The National Park Service is considering implementing “peak season pricing” in 17 of the country’s most popular parks, proposing an increase to $70 per car. Currently, Yellowstone charges $30 per vehicle, or $50 for Yellowstone and Grand Teton.
The parks proposed for the increase would be: Arches, Bryce Canyon, Canyonlands, Denali, Glacier, Grand Canyon, Grand Teton, Olympic, Sequoia & Kings Canyon, Yellowstone, Yosemite, Zion, Acadia, Mount Rainier, Rocky Mountain, Shenandoah, and Joshua Tree, per the NPS.
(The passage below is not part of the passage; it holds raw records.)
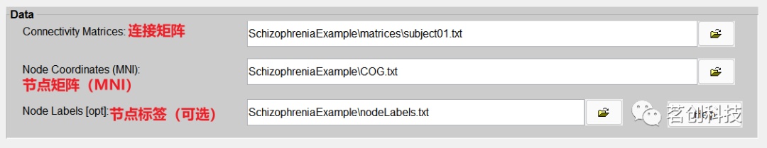 (1) Data 中的 Connectivity Matrices (Data中唯一的必填字段),选择储存被试的功能连接数据的文件;可输入的格式为文本文件(.txt)或者包含单个变量的 Matlab 文件(.mat)。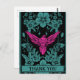 Exótico pájaro rosa, flores azul oscuro, tarjeta postal de agradecimiento gótica. Editable.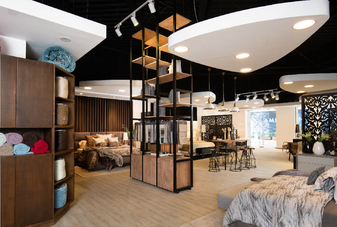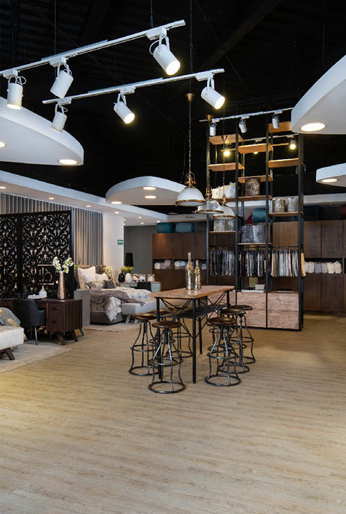 Iló Metepec es un espacio amplio cuyo acabado permite ver los diferentes sets que se generaron alrededor de toda la tienda haciendo una experiencia comercial atractiva. Se le dio un énfasis muy importante a los plafones, que se encuentran en la iluminación de cada set, logrando transmitir una sensación de una mayor altura e iluminando cada uno de los sets exhibidos.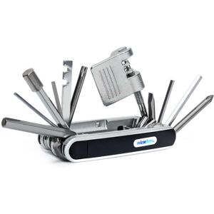With a compact size and weight of just 180 g, this tool kit will fit in every pocket. 14 work tools are combined in this Multi-Tool so it's not only perfect for repairs at home, but also an essential tool to bring on trips and when you're out-and-about. In addition to the fold-out tools, the plastic housing can also be removed and used as a tire lever so not even a flat tire can ruin your bike trip. Bike Repair Set Details • Size: approx 2.5 x 9 x 4.5 cm (1 x 3.5 x 1.8 in) • Weight: approx 180 g (0.4 lbs) • Allen wrench: 2, 2.5, 3, 4, 5, 6 and 8 mm • Phillips screwdriver and flat head screwdriver • Chain rivet and chain tool • Spoke key • Torx key T25 • 2 tyre levers Multi-tool for bike repairs on the road • Small bike tool set for use at home and on the road • Easily fits in pockets • For maintenance and mishaps while travelling Included in Delivery • 1 bicycle multi-tool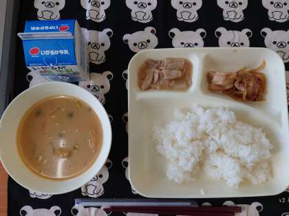 献立は、鶏肉の甘辛焼き、みそ汁、だいこんの煮ものです。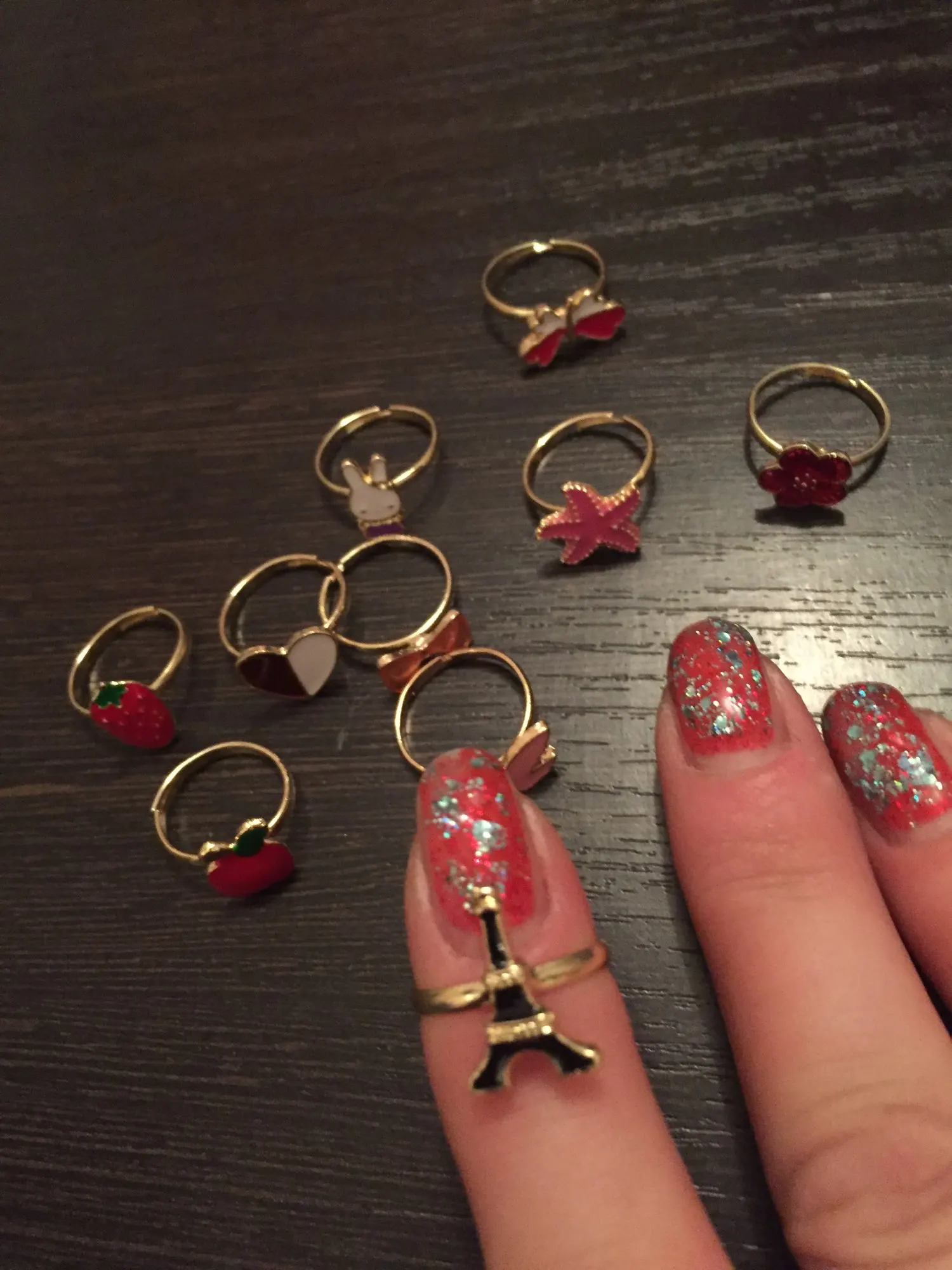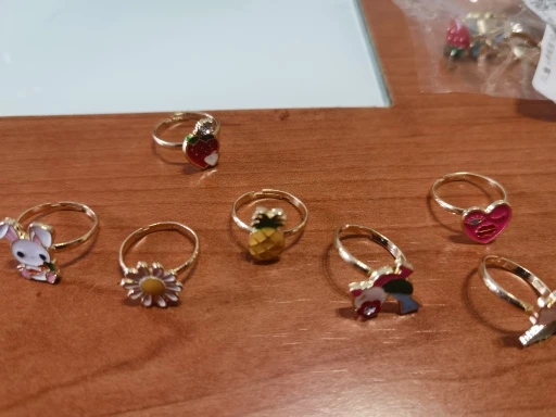 Отличные колечки, аккуратные, размер регулируется. Дошло меньше чем за месяц. Продавцу спасибо. Заказывала два набора по качеству больше понравились с разными изображениями (бантики, вишенки, кошечка и т.д.)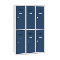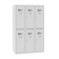 Niższe szafki szatniowe o konstrukcji spawanej, z sześcioma przedziałami, przeznaczone do szkół.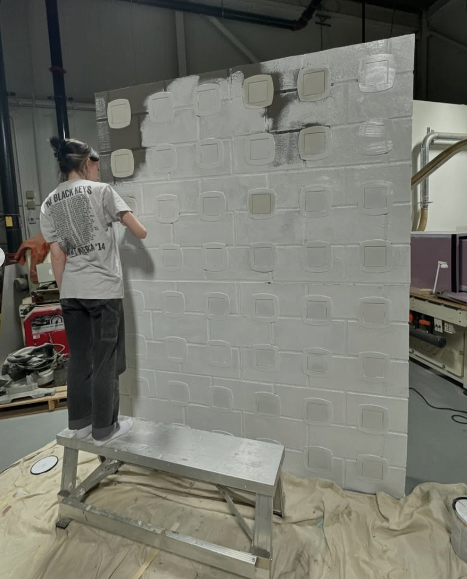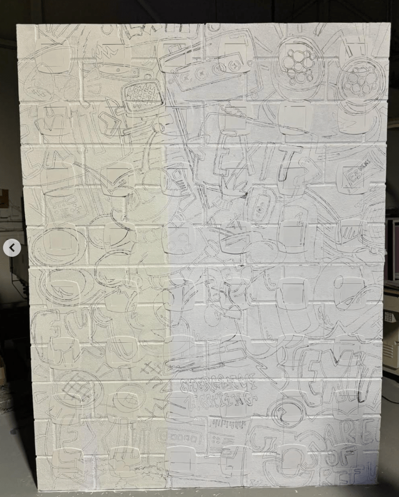 After a few weeks, I got an email from the enthusiastic engineer that the wall had been completed and it was up and running! He decided to go with a faux-cinderblock front to bring a bit more texture and concealment to the light fixtures. While I agree with his decision there, it did provide another challenge for me, painting on a heavily textured wall instead of something flat and smooth. In addition to that, I was facing some other concerns on my end, the biggest worry being I only had one week to get it painted and finished on top of my 9-5 job.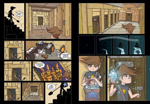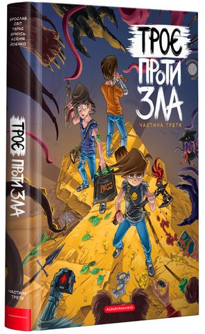 «Троє проти зла» — веселий український комікс про двох друзів — Антона і Ореста, які вирушили у казковий світ, щоб врятувати свого третього друга Романа. У першій та другій частині порятунок їм не вдався, тому ви тримаєте в руках третю частину квадрології.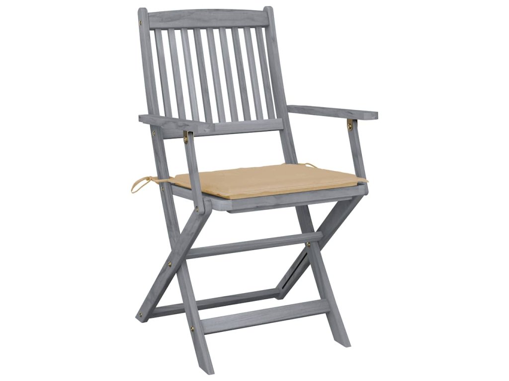 Tieto jedálenské stoličky sú vyrobené z masívneho akáciového dreva, tropického tvrdého dreva, ktoré je odolné voči poveternostným vplyvom a trvácne pre dlhé roky používania. Akáciový masív má dostatočnú silu, aby uniesol zaťaženie, ale odolá aj dlhodobému používaniu. Sivý premývaný povrch sa ľahko čistí vlhkou handričkou. Keď sa stoličky nepoužívajú, dajú sa sklopiť, aby sa ušetrilo miesto. Pribalený vankúš poskytuje vysoké pohodlie pri oddychu alebo stolovaní. Každý vankúš má dve sady šnúrok, pomocou ktorých ho pevne pripevníte k stoličke.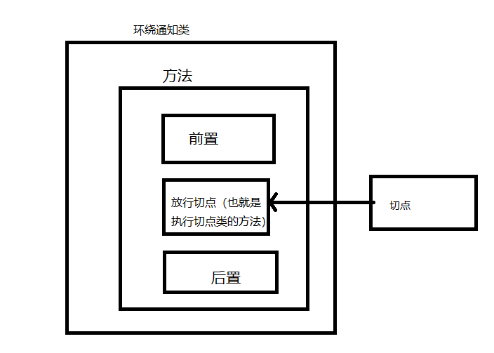 环绕通知是指在在一个类中引入一个切点,在这个切点中前面实现什么,后面执行什么,解析图如下所示(学过JDK代理好理解,和代理差不多原理,就是把前置通知和后置通知写到一个通知类中)。

That’s a lot of money for what the NPS says is essential repairs to infrastructure around the park service. Eighty percent of the revenue generated from the higher entrance fees would remain in the park where they were collected, and 20 percent of that revenue would be distributed to other parks—ostensibly ones which will not participate in the fee increase program. It’d basically be a trickle-down economic structure for the NPS. Make the big parks help the little parks, and so on and so forth.
It’s an interesting proposal, though one that would ostensibly lock people out of some of the country’s most beautiful vistas. Potentially pricing low-income Americans out of national parks is a step that runs counter to the very spirit that went into the creation of the parks in the first place.
The 17 parks that will be affected by the price hike have averaged nearly a 20 percent increase in recreational visits between the periods of 2007-2011 and 2012-2016, per data from the NPS. Rocky Mountain, Grand Canyon, Zion, Bryce Canyon, Yosemite, Joshua Tree, Glacier, Acadia, Yellowstone, Grand Teton, and Arches have all seen at least an increase of 1.5 million visits over those time periods.
The NPS says that “estimates suggest that the peak-season price structure could increase national park revenue by $70 million per year. That is a 34 percent increase over the $200 million collected in Fiscal Year 2016.”
The park service is soliciting public comments on the fee increase until November 23.